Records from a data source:
····················

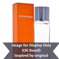
Clinique Happy Ladies (Inspired by)
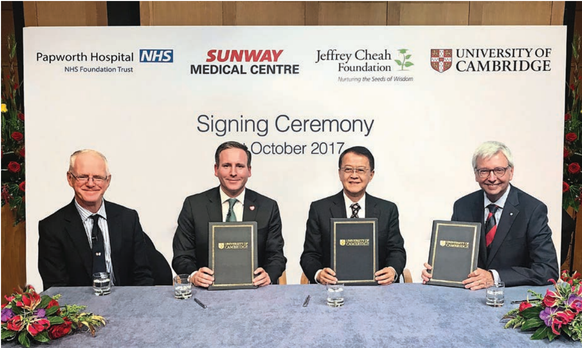
Good academic ties with the University of Cambridge allow Sunway Medical Centre to collaborate with the Royal Papworth Hospital and Addenbrooke's Hospital to become Malaysia's first private teaching hospital.
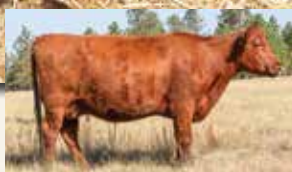
HRR LAKOTA 136, DAM
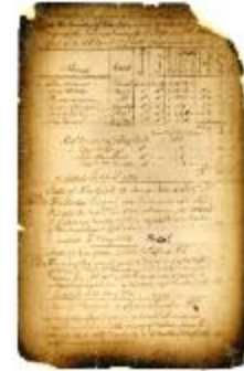
Copies of accounts audited by the New York State Auditor General, Book A, pages 41-60 (NYSA_A0870-77_BookA_Page041-60)
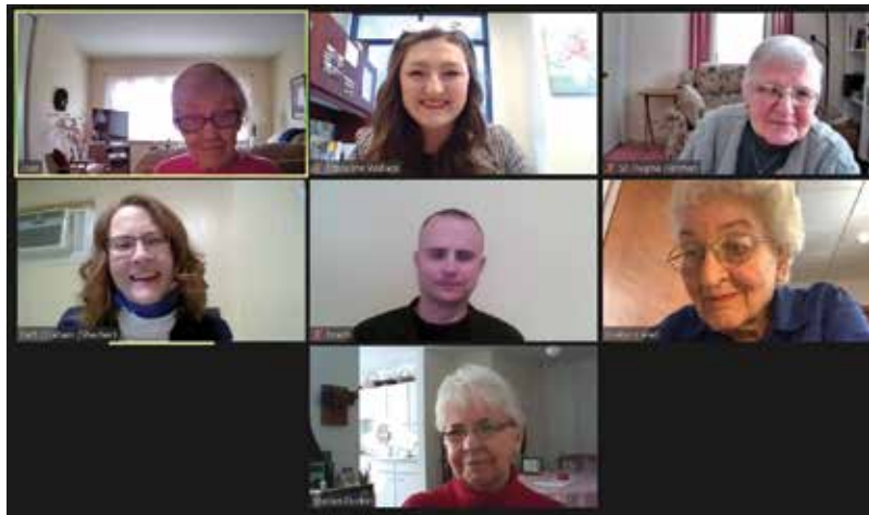
Members of the Dream Team joined Joseph's Home staff for a virtual discussion about the establishment of Joseph's Home and their hopes for the future of the ministry.
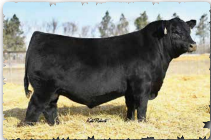
SAV MAGNUM 1335
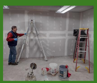
Weekly work party
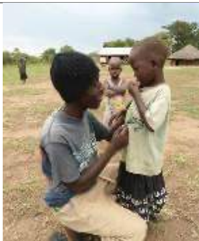
Teach your child
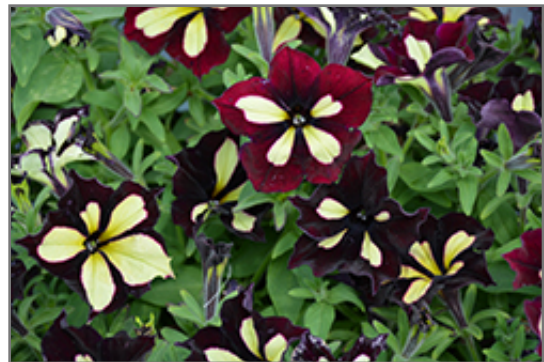
Crazytunia Star Jubilee Petunia flowers
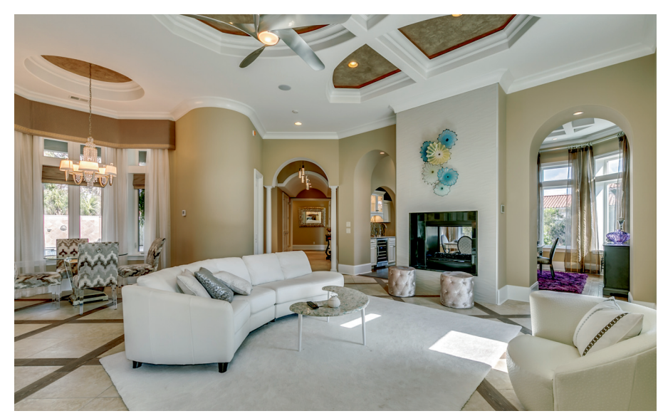
The residence of Mark and Darlene Vesely built by Annas Development & Building is located in the Riveria section of Grande Dunes. Shown is the open floor plan living area with customized tray ceilings, faux accent painting, and double-sided linear fireplace giving the home a modern and sophisticated appeal

Annas Development & Building has constructed around 30 custom
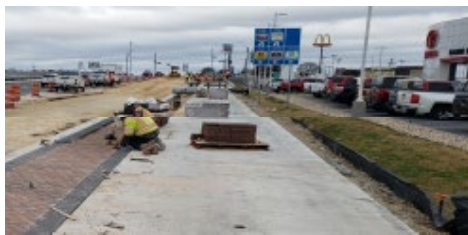
Finish landscape pavers at Toyota
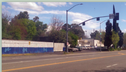
Japanese – German Auto "Boneyard" on Elvas Avenue .
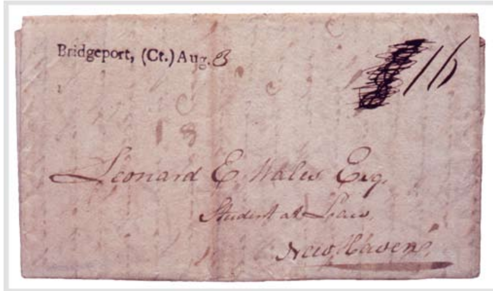
Bridgeport August 3, 1808 Straightline — 16¢ rate to New Haven, ex-Judge Fay
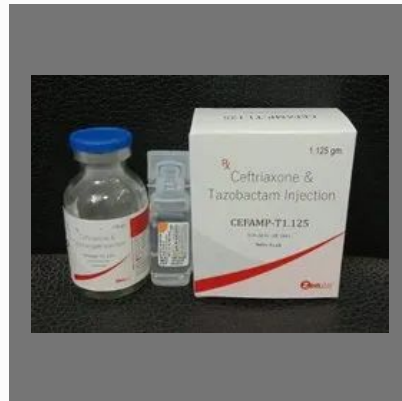
Ceftriaxone Tazobactam Injection
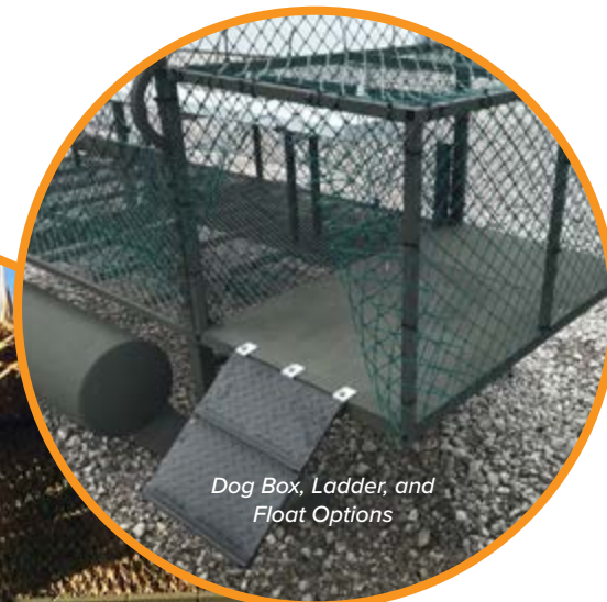
Dog Box, Ladder, and Float Options
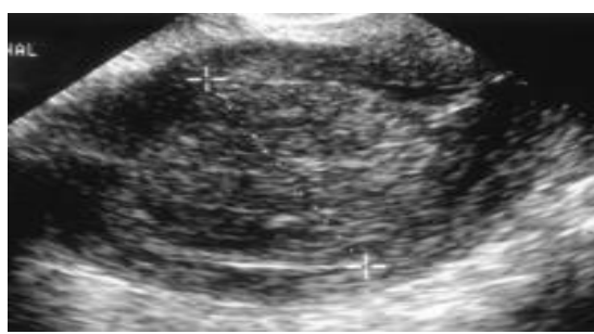
Fig 3: Endometrial Carcinoma

Endometrial carcinoma is most commonly prevalent in the postmenopausal age group over 50 years. Patient presents in OPD with postmenopausal bleeding alone or combined with serosanginous discharge.<sup>2</sup> At USG, mass like thickening of the endometrium is present, which may have a heterogeneous echo texture, which needs to be differentiated from necrotic fibroid. Postmenopausal endometrium thicker than 5-6 mm should always be evaluated with a suspicion of malignancy. <sup>5</sup>(Fig 3 and Fig 4)
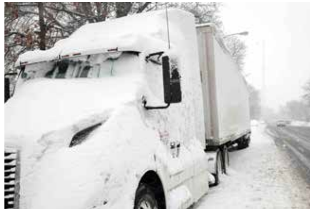
Sweep snow from every part of your vehicle.
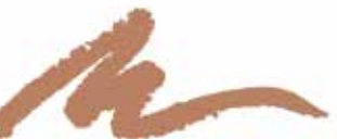
TWIG SKETCH STICK® LIP PENCIL
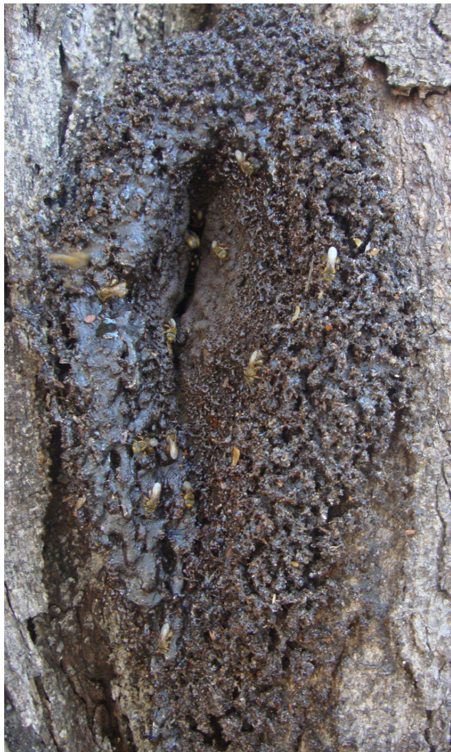
Fig 3. Nest entrance of Tetrasona clavipes .
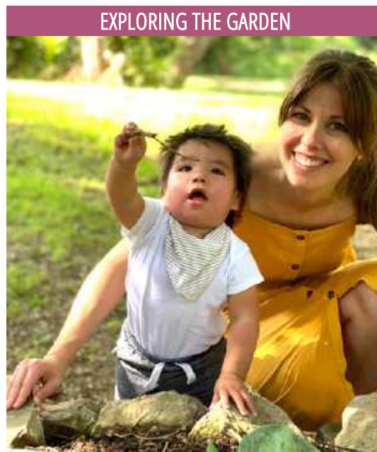
EXPLORING THE GARDEN
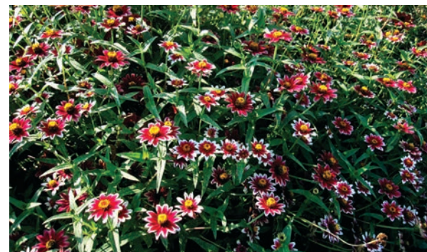
Zinnia 'Zany Rose Picotee'

····················

Activity —
From the records above, return each line that includes "your".

Exercise output —
Teach your child
Sweep snow from every part of your vehicle.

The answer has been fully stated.